20Assuming that I have the discretion to extend the limitation period pursuant to s.7 of the Licence Appeal Tribunal Act, I find that this is not a case in which I am prepared to exercise my discretion. While the applicant submitted that he was incapacitated due to mental condition, I agree with the respondent that the applicant’s entire argument on this issue rests on a statement from his former counsel stating that “we will need some time before we can take instructions as to your request”. Apart from evidence supporting that the applicant was under cancer treatment, there is no evidence that the cancer or the treatment has rendered the applicant incapacitated between October 2015 and August 2016. Further, there is no evidence that the cancer treatment masked the severity of the injuries from the accident. And if the applicant were in fact incapacitated during that time, there was no evidence that his substitute decision maker, if any, was not in a position to give instructions to his former counsel on how to proceed with his insurance claim.
21In conclusion, given the lack of evidence supporting the applicant’s claim that he was incapacitated for eight months during the two-year limitation period, I find that there is no basis to extend the limitation period.
22I note the applicant made substantive arguments about his eligibility for NEB. I have not considered his arguments on that issue, as I find they are not relevant to the determination of this preliminary issue.
Costs
23The respondent has asked for costs, arguing that the applicant has no chance of success, given the clarity of the case law.
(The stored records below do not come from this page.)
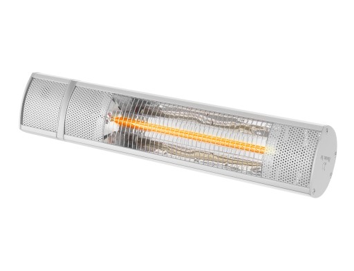 Źródłem ciepła jest szybko nagrzewająca się złota lampa halogenowa. Stopień ochrony IP55 umożliwia zawieszenie lampy w miejscach narażonych na opady atmosferyczne, np. na tarasie, w altanie, itp. Zestaw montażowy umożliwia zamontowanie promiennika na ścianie lub pod sufitem.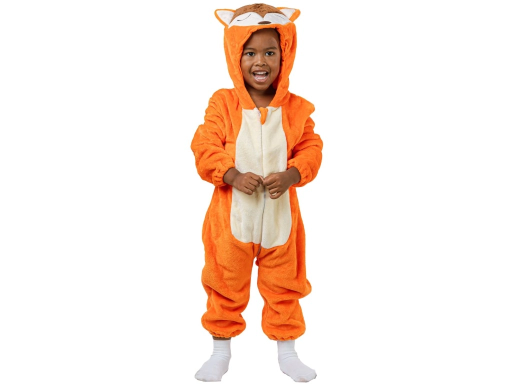 Este disfraz de zorro es perfecto para cualquier evento de carnaval o fiesta infantil. Fabricado en poliéster suave y cómodo, ofrece libertad de movimiento y confort. Las tallas de 92 a 104 cm son adecuadas para niños de 3 a 4 años.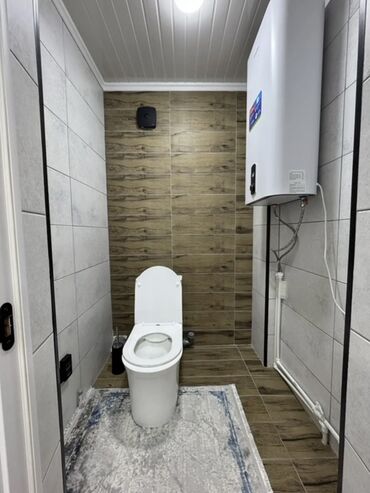 - Санузел с ванной: комбинированная отделка плиткой под дерево и камень, тумба с умывальником и круглым зеркалом с подсветкой, душевая стойка, шторка, стиральная машина.

24The Tribunal’s Rules of Practice and Procedure allow a party to make a request for an award of costs where an application is determined to be unreasonable, frivolous, vexatious or in bad faith. Just because I have found in favour of the respondent, it does not mean I find his application to be unreasonable, frivolous, vexatious, or made in bad faith. I am not convinced the case law is as clear cut as the respondent suggests. As such, I do not find this is an appropriate case to make an award of costs against the applicant.
ORDER
25The Tribunal finds the applicant is statute barred from seeking a non-earner benefit.
Released: June 6, 2018
Avvy Go, Adjudicator
Footnotes
- Note that in the applicant noted the issue and referenced subsection 282(2) of the Insurance Act which is where the 2 year limitation period was previously referenced in addition to the Schedule.
- [1997] 2 SCR 549
- S.O. 2002, c.24, Sched. B.
- Supra, note 3.
- 16-000212 v. State Farm Mutual Automobile Insurance Co., 2016 CanLII 10380 (LAT)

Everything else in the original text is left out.